3.2. Particle Size and Distribution
The particle size and PDI of the emulsions with and without high-energy treatments on Days 0 and 7 of storage are shown in Table 2. The particle-size results show statistically significant differences between the emulsions with and without high-energy treatments. All high-energy treatments showed significant statistical differences between each other, and no significant differences were observed between the two storage times for the same treatment. The PDI value shows an increase on Day 7 for all of the emulsions.
The emulsion without treatment was the one that presented the largest particle sizes and PDI values since this emulsion at Day 7 was the one with the largest particle size and more polydispersity. The size distribution and D10, D50, and D90 values of the emulsion without high-energy treatment are presented in Figure 2. At Day 0 of storage, a polydisperse distribution is shown with a small peak below 200 nm, a second peak most prominent above 2000 nm, and a third peak above 5000 nm. For Day 7 of storage, a shift in the size-distribution curve can be observed in which the peaks from Day 0 change to a large peak close to 3500 nm, which corresponds to the increase in particle size, the value of PDI, and the values corresponding to D10, D50, and D90. This increase in value and the shift in the distribution curve could indicate clarification and creaming as emulsion destabilization phenomena.

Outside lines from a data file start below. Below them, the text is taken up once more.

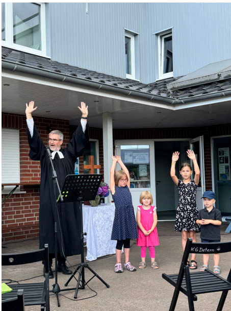
28. Juli 2024 – Sportplatz-Gottesdienst
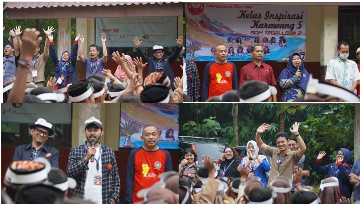
Gambar 14. Suasana Opening Kelas Inspirasi Karawang #5 SDN Tegallaga 2
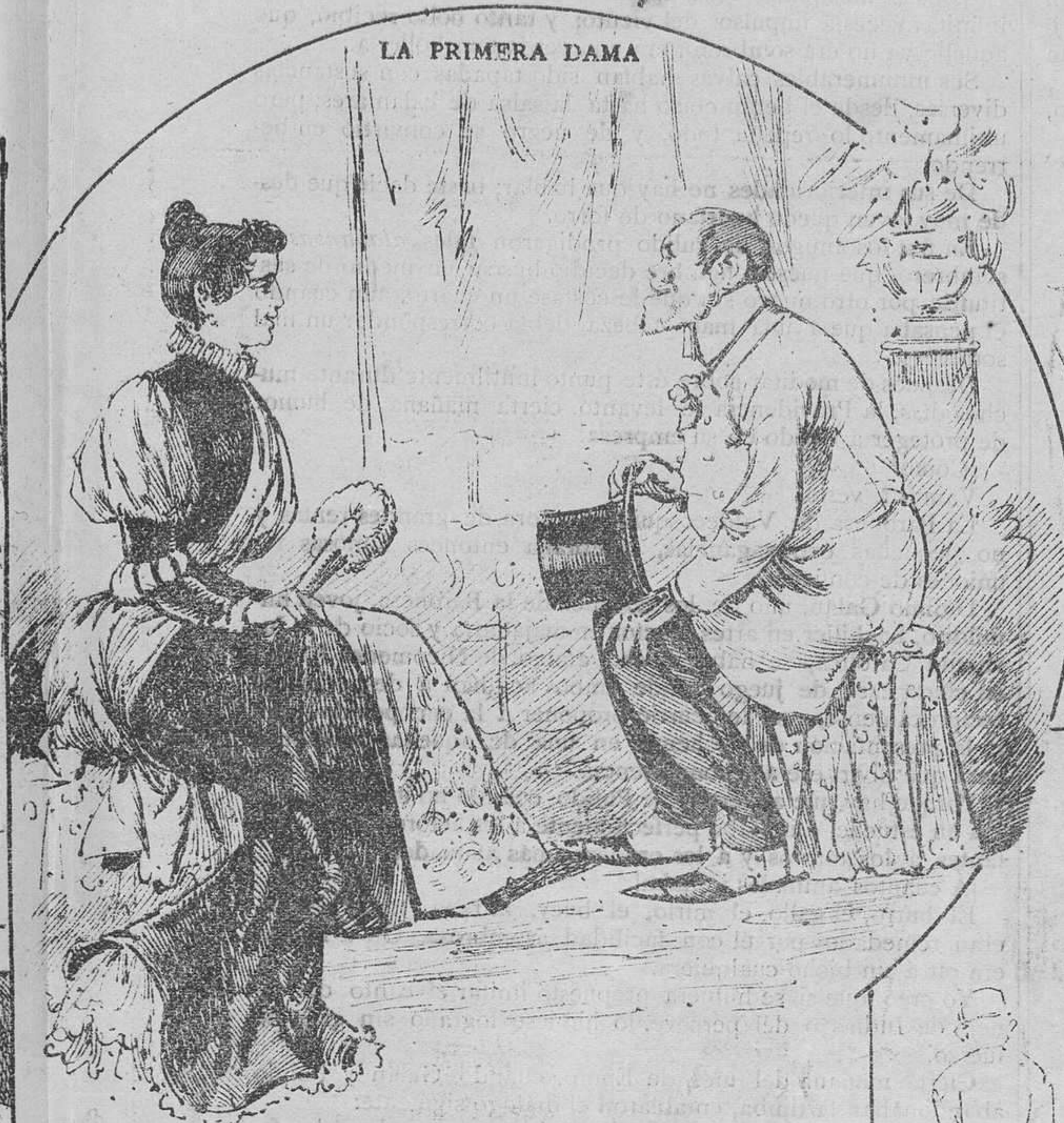
LA PRIMERA DAMA
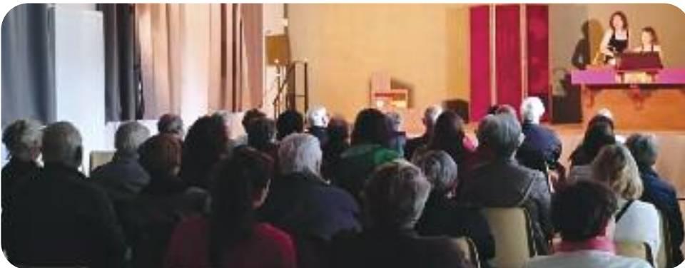
◀ Théâtre "Les Petites Cruautés"
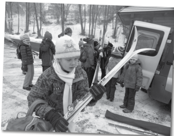
Zapsal Jindra Rychlý
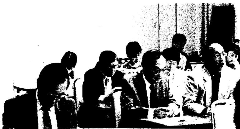
評議員席からも活発な意見がだされました。
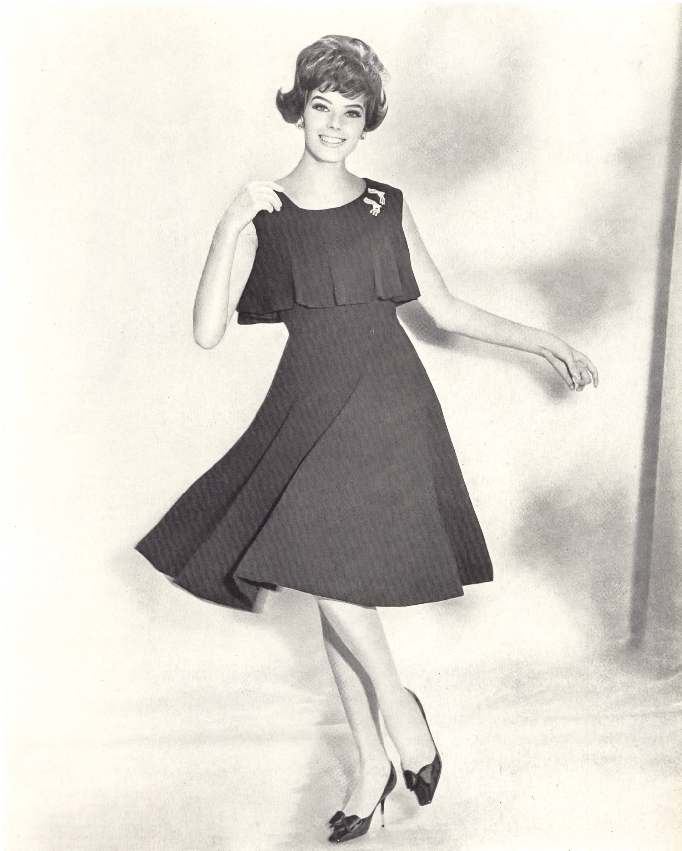
HEER & CIE S.A., THALWIL Crêpe Derby rayonne Modèle Willy Meyer S.A., Zurich

Among the emulsions subjected to high-energy treatments, the emulsion treated by conventional homogenization (CH) had the largest particle size at both storage times and a polydisperse distribution at Day 7. The size distribution and the D10, D50, and D90 values for this emulsion are shown in Figure 3. A monodisperse distribution can be observed on Day 0 of storage of CH emulsion, which correlates with the low PDI value (0.19) observed in this sample, although the particle size was quite large. A notable change occurred on Day 7 of storage where an increase in the value of the average particle size can be observed. These increases in the Z-average size correspond with PDI and the values of D10, D50, and D90, showing a polydisperse distribution with three peaks: a first peak around 350 nm, a second larger peak around 1500 nm, and a small peak at 5500 nm.

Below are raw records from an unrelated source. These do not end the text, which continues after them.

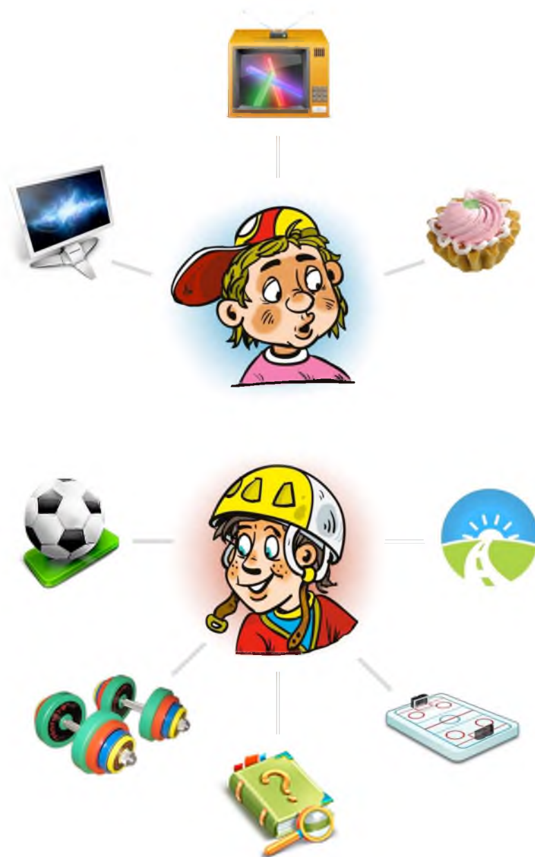
Рис.1 Что успели сделать за день Коля и Макс ?
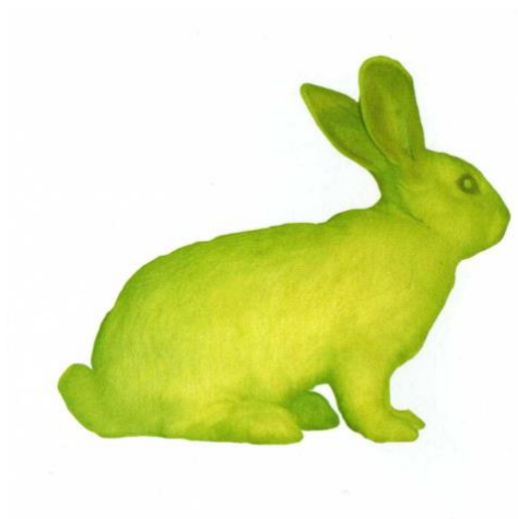
III. 2 - Eduardo Kac, GPP Bunny Lapine transgénique fabriquée dans les laboratoires de l'INRA à Jouy en Josas pour le festival Avignonnumérique, 2000.
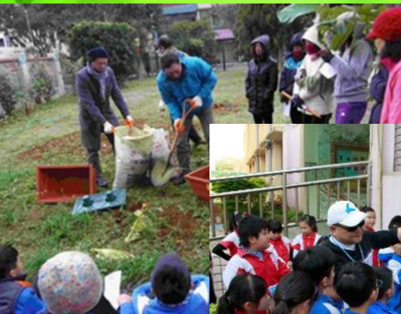
家長志工農作教學
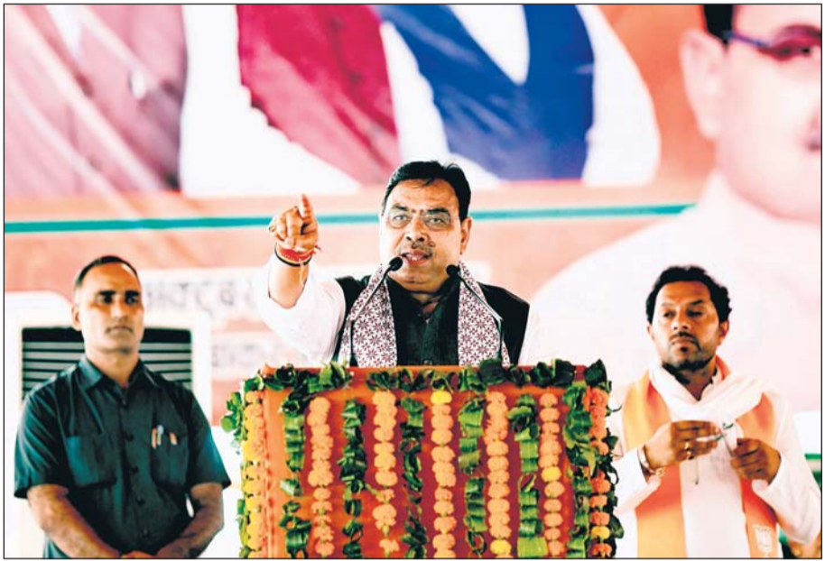
मुख्यमंत्री भजनलाल शर्मा ने हरियाणा विधानसभा चुनाव प्रचार के दौरान समालखा, सोनीपत व करनाल में चुनावी सभाएं कीं।

उन्होंने राहुल गांधी से पूछा, “देश के विरोधी लोगों के साथ अपना रिश्ता बताएं”

The UH100 and UH200 treatments presented average sizes close to 500 nm, and no statistically significant differences were observed when the pressure and storage-time effect were increased. However, when we look at the particle-size-distribution graph and the values of D10, D50, and D90 (Figure 4), the UH100 sample at Time 0 has a bimodal behavior with a small peak close to 120 nm, and a more prominent peak around 500 nm. This same sample on Day 7 of storage showed an enlargement of the peak with a D50 value of 2198 nm, which corresponds with the increase in the PDI value. On the other hand, the sample subjected to a pressure of 200 MPa (UH200) also presented a bimodal curve at Time 0. However, the values of D10, D50, D90, and PDI were superior to those of the UH100 sample, indicating that although both treatments had a similar average size, the UH200 sample had particle populations with more heterogeneous sizes. By Day 7, both treated emulsions had an increase in particle size and heterogeneity, showing a flatter bimodal curve with an increase in the values of D10, D50, D90, and PDI compared to the UH100 sample at the same storage time.

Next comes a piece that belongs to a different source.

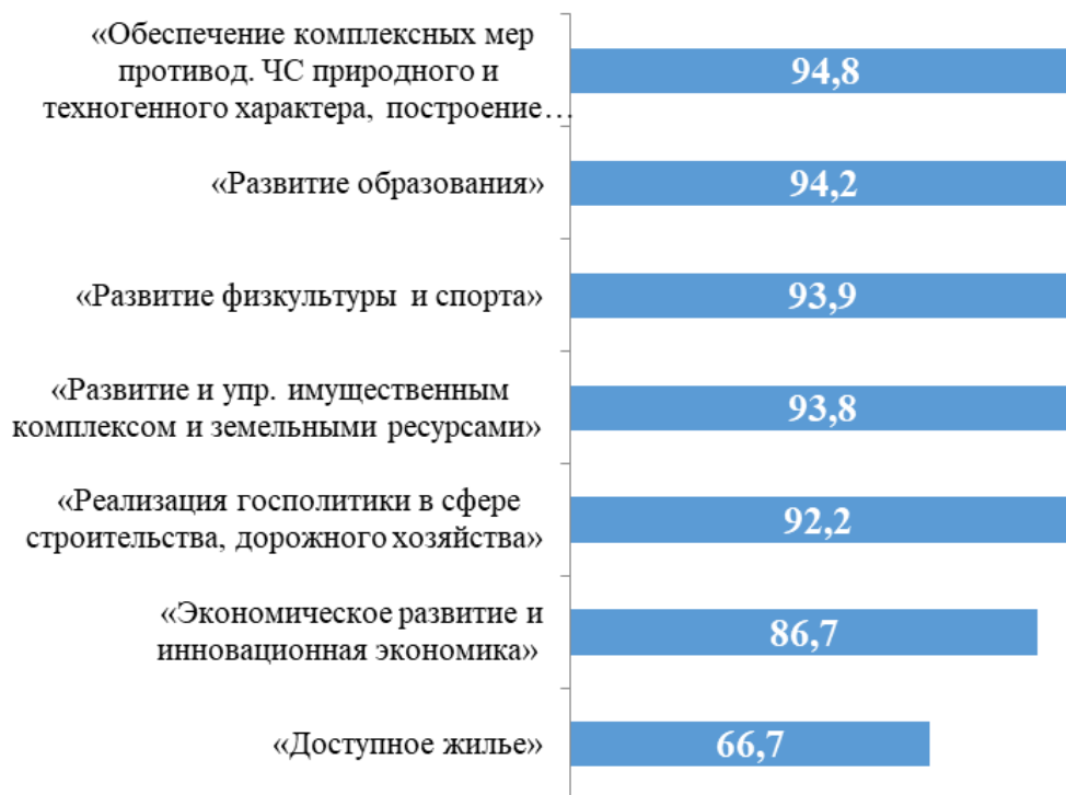
Диаграмма. Госпрограммы, уровень исполнения которых составляет менее 95%.

Низкий уровень исполнения отмечается по ГП «Обеспечение комплексных мер противодействия чрезвычайным ситуациям природного и техногенного характера, построение и развитие аппаратно-программного комплекса «Безопасный город» - 94,8%, «Развитие образования» - 94,2%, «Развитие физкультуры и спорта» - 93,9%, «Развитие и управление имуществом комплексом и земельными ресурсами Иркутской области» - 93,8%, «Реализация государственной политики в сфере строительства, дорожного хозяйства» - 92,2%, «Экономическое развитие и инновационная экономика» - 86,7%, «Доступное жилье» - 66,7%, представленным на следующей диаграмме.

In the emulsions treated by high pressure (HP1 and HP2), it can be observed that there is an effect of the number of cycles on the particle size and the PDI. Both values subjected to two cycles decrease in the sample. In addition, emulsions treated by high pressure is the second treatment that presented the smallest particle size at both storage times, as well as the lowest PDI values. For the particle-size distribution, the HP1 and HP2 emulsions presented a monodisperse distribution for both storage times (Figure 5). However, differences can be observed in the values of D10, D50, and D90, showing a decrease in these in the treatment where the emulsion was subjected to two cycles (HP2). This indicates that with this treatment, emulsions with small and homogeneous drop sizes were obtained that were maintained over time, which could be reflected in high stability for these samples.
The emulsion with the US treatment presented the smallest particle size in both storage times with statistically significant differences in comparison with the emulsion without treatment and the emulsions treated by high-energy techniques. For the particle-size distribution, this emulsion at Day 0 of storage presented a monodisperse distribution and smaller particle sizes in the D10, D50, and D90 values (Figure 6). For Day 7 of storage, the size distribution and the D10, D50, and D90 values remained without changes.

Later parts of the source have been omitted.